What you will do:
Write out again, exactly, the lines below starting at the one with "Panel de gran" and ending at the one with "Lanyin Aprons for".

Extracted material:
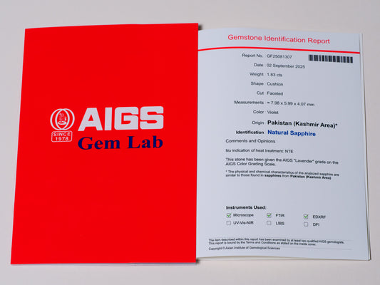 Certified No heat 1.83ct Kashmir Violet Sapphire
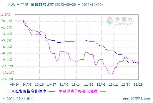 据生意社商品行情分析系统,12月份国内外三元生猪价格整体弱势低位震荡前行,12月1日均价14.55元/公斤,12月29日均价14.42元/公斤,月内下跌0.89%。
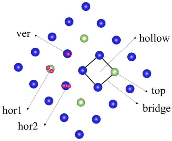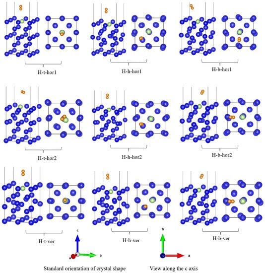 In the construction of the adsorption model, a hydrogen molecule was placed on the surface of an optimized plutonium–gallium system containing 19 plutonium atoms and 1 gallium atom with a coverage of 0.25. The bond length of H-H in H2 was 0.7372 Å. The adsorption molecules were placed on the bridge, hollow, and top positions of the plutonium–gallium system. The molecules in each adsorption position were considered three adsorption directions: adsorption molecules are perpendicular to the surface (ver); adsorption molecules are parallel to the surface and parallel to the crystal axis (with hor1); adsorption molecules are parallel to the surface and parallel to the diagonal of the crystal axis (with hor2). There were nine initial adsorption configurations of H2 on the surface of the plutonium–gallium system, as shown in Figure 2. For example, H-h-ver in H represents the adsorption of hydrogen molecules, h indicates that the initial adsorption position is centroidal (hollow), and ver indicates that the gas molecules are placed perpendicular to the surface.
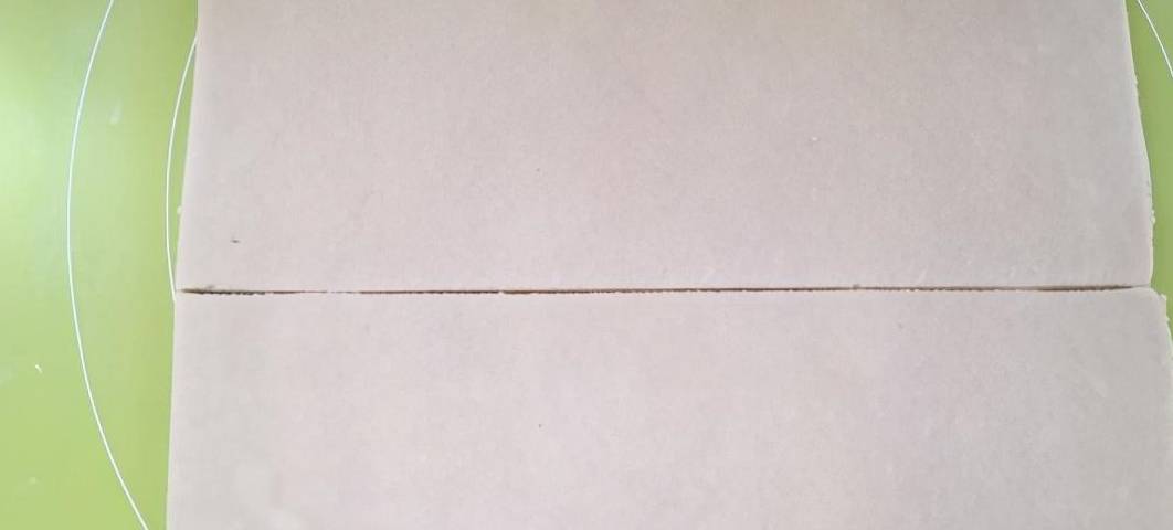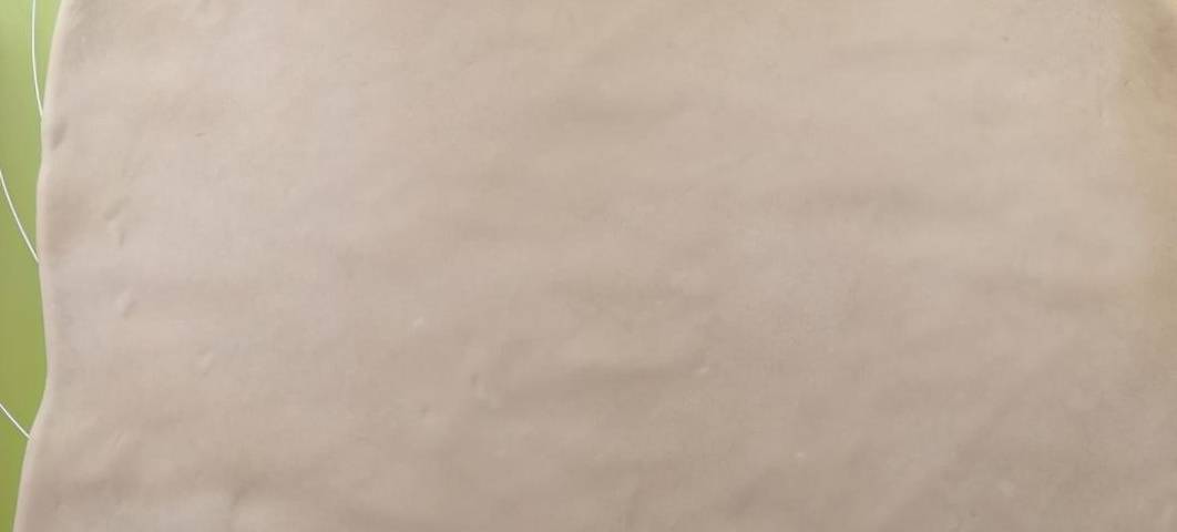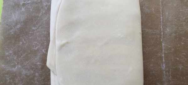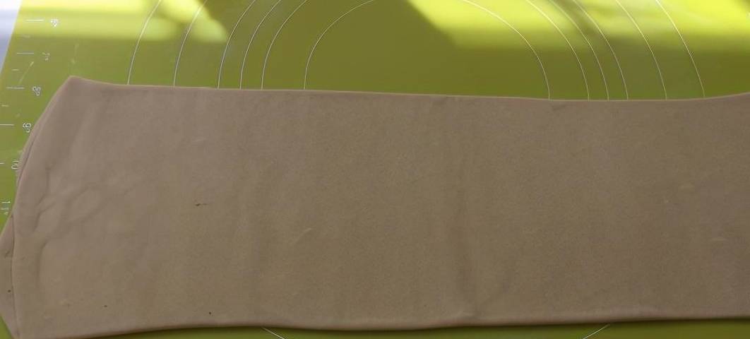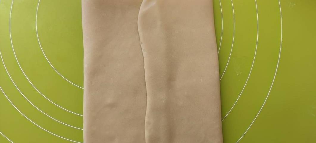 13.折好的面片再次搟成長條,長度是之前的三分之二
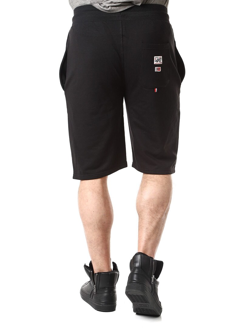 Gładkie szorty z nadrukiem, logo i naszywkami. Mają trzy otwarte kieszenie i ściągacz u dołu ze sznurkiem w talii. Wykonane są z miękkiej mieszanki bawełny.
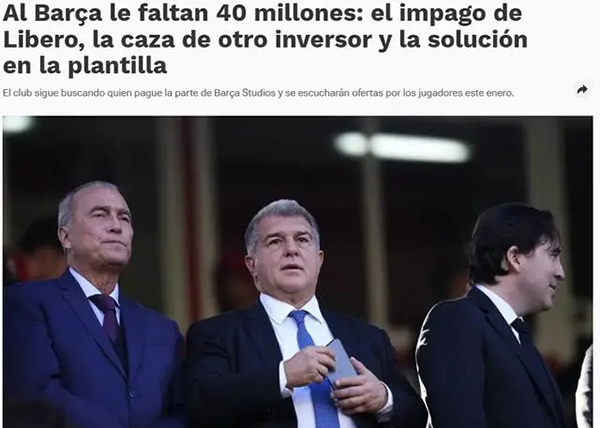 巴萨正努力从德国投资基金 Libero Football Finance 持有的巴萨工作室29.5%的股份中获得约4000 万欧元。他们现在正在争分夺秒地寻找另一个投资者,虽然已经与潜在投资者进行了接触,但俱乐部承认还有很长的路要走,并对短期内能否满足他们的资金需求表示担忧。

---

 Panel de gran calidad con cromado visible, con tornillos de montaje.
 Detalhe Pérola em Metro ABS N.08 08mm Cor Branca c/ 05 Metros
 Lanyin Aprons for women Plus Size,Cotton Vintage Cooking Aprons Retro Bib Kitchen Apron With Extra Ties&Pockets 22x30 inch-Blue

Task response:
 Panel de gran calidad con cromado visible, con tornillos de montaje.
 Detalhe Pérola em Metro ABS N.08 08mm Cor Branca c/ 05 Metros
 Lanyin Aprons for women Plus Size,Cotton Vintage Cooking Aprons Retro Bib Kitchen Apron With Extra Ties&Pockets 22x30 inch-Blue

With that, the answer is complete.